JUVENTUS – HELLAS VERONA 2-1: non senza sofferenze arriva questa vittoria per la Juventus. L’Hellas Verona è stato capace di dar filo da torcere alla Vecchia Signora. I gialloblu, infatti, passano in vantaggio per primi con Cacciatore che sugli sviluppi di un calcio d’angolo mette a segno la prima rete. A risolvere per i bianconeri ci pensa prima Carlitos Tevez che con il destro fredda Rafael e poi è il momento di Llorente che nel recupero su assit di Isla la insacca di testa. Nonostante la partita poteva essere chiusa già nel primo tempo l’Hellas Verona ha continuato sul pressing mettendo paura ai bianconeri che solo al fischio del portiere possono ritenersi salvi.

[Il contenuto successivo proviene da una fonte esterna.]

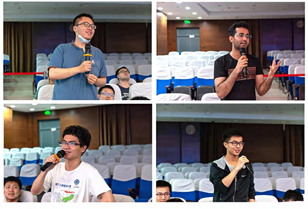 在最后的提问环节,同学们根据自身存在的问题积极向师兄师姐发问,如“如何在做实验的同时兼顾基础知识的回顾”、“如何独立发现一个有价值的课题”等。来自巴基斯坦的留学生分享了自己因为语言不通而感到在组会上很难理解别人的汇报的问题,嘉宾们用流利的英文分享了自己的想法,给出了实用的解决办法。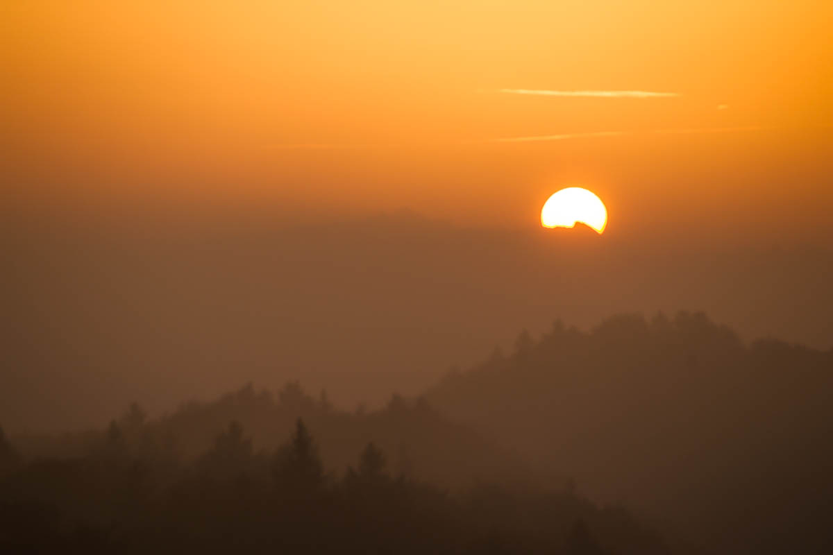 Nun ist es so weit. Die Sonne zeigt sich – wie vorhergesagt – über dem Alpstein, genauer: über dem Wildhauser-Schafberg. Noch kann man direkt in die Sonne fotografieren, ohne Überbelichtungen zu riskieren. Das wird aber in den nächsten Minuten vorbei sein.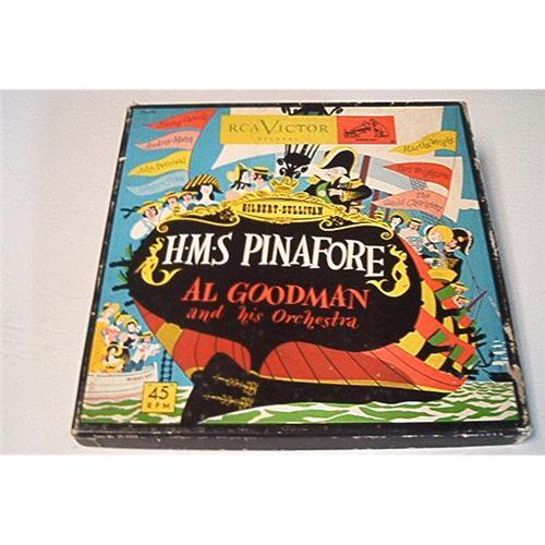 Box set of five ("COMPLETELY BLUE") Records of one of the great operas; The H. M. S. Pinafore written by Gilbert and Sullivan and features Al Goodman and his Orchestra. Also, a sheet inside that tells a small bit of history of Gilbert and Sullivan and explains the story behind the H. M. S. Pinafore; which was a British Ship, and of the Captain's daughter, Josephine and her courtships. The box of records measures 7 1/4 inches by 7 1/4 inches. Each record is still in it's own mint sleeve. Excellent Condition. Late 40's. Collector's item.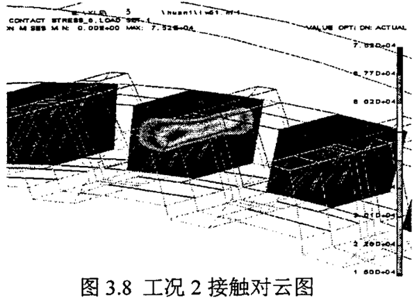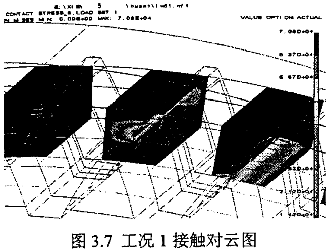 工況六至工況十這四和情況,是指兩環(huán)板之間不對(duì)稱,即偏心軸的兩個(gè)偏心拐的尺寸誤差不一致,這里考慮的是特殊狀況,從表3.10-3.13看出,當(dāng)兩環(huán)板不對(duì)稱時(shí),將產(chǎn)生嚴(yán)重的載荷不均現(xiàn)象,載荷偏向中心距小的環(huán)板內(nèi)齒上,甚至只有一個(gè)環(huán)板承受載荷。由此說(shuō)明,對(duì)于雙環(huán)減速器偏心軸有加工,應(yīng)特別注意兩曲捌的制造誤差,應(yīng)盡量使安裝好的兩環(huán)板具有較好的對(duì)稱性。圖3.7~圖3.12為六種工況下環(huán)板內(nèi)齒的接觸齒對(duì)的應(yīng)力云圖。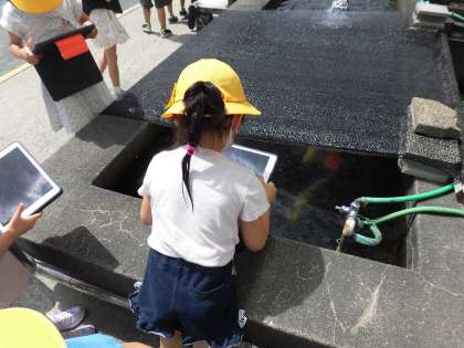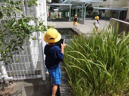 今日の生活科の学習は「いきものと なかよし」。まず身近な生き物や学校にいる生き物について知っていることを発表し合った後、先週から使い始めたiPadを生活科でも使ってみました。「校庭にはどんな生き物がいるのかな?iPadで見つけた生き物を写真に撮ってみよう!」とみんなに伝え、早速Let's go 生き物探し!池の鯉や虫など、生き物を探しながら夢中になって写真を撮っていた1年生です。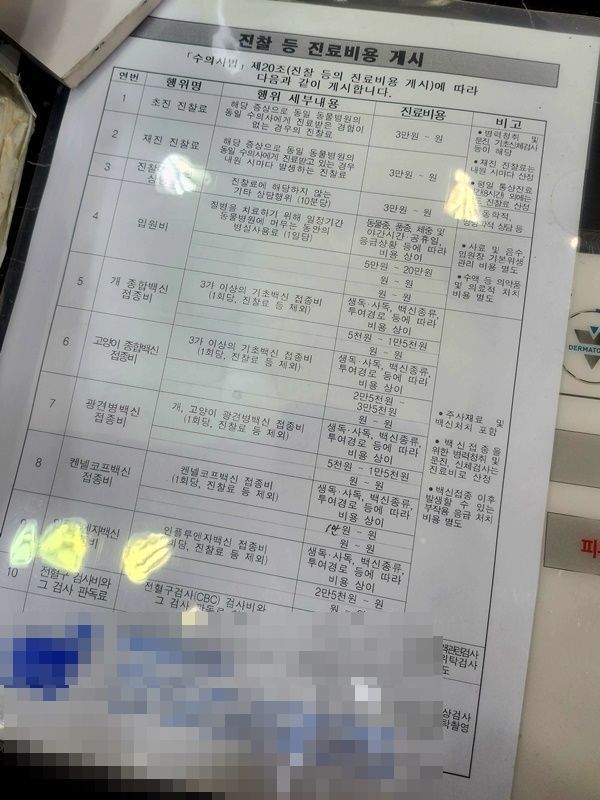 서울 한 동물병원의 진료비용 목록.[사진=이서희 기자]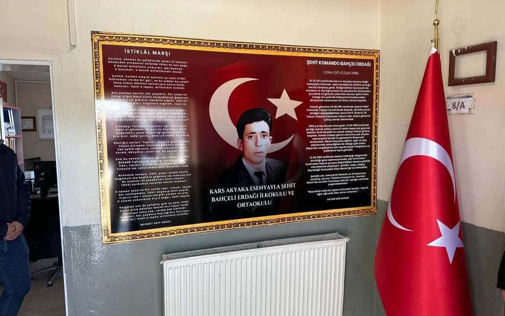 Akyaka’da köy muhtarı ve okul yönetiminden anlamlı davranış. Okul yönetimi ve muhtar, 1998 yılında Hakkari’de şehit olan Komando Bahçeli Erdağı adına okulda köşe oluşturuldu.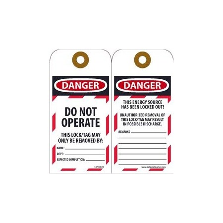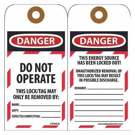 NMC - National Marker Company Tag, Danger, Do Not Operate, 6X3, Unrip Vinyl Lockout Tags Prevent accidental or unexpected startup or release of stored energy when working on equipment and machinery.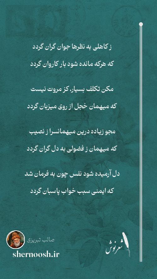 13 مکن ز سختی ایام رو ترش صائب که مغز، نرم ز زندان استخوان گردد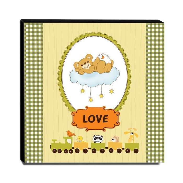 Quadro Infantil Ursinhos Trenzinho Canvas 30x30cm-INF78 Colorido

ROMA – LAZIO 2-0: la Roma torna a vincere il derby. Dopo due anni e mezzo all’asciutto arriva il riscatto per la compagine giallorossa. Gli artefici della vittoria sono stati Balzaretti e Ljajic. La Lazio ha tenuto bene testa per almeno i primi 45 minuti di gara salvo poi crollare alla rete del numero 42. Gol che arriva al 63’ su assist di Totti e il difensore la mette dentro con un sinistro al volo. La Roma riesce a chiudere la gara solo nei minuti di recupero stavolta su rigore trasformato da Ljajic. E la Roma così ne vince 4 su 4 portandosi in testa alla classifica.

MILAN – NAPOLI 1-2: non sembra riuscire a decollare il campionato del Milan che soccombe contro il Napoli di Benitez. Per gli azzurri sono 4 vittorie in altrettante partite che la portano a essere capolista insieme alla Roma. Dopo appena 6 minuti il Napoli riesce a mettere a segno la prima rete: su punizione di Callejon, Albiol la serve di testa al compagno Britos che la insacca sempre di testa. Il Milan ha qualche azione soprattutto dopo il primo gol con Balotelli che su punizione manca di poco lo specchio della porta. Il raddoppio per gli ospiti arriva nel secondo tempo con un tiro da fuori area di Higuain che Abbiati non trattiene. Provvidenziale ad un quarto d’ora dalla fine l’intervento del portiere azzurro Reina che interrompe un bello scambio tra Balotelli e Matri. Il gol tanto cercato del Milan arriva al 91' quando ormai è troppo tardi. La firma è quella di SuperMario che con un destro a giro dal limite dell'area la insacca.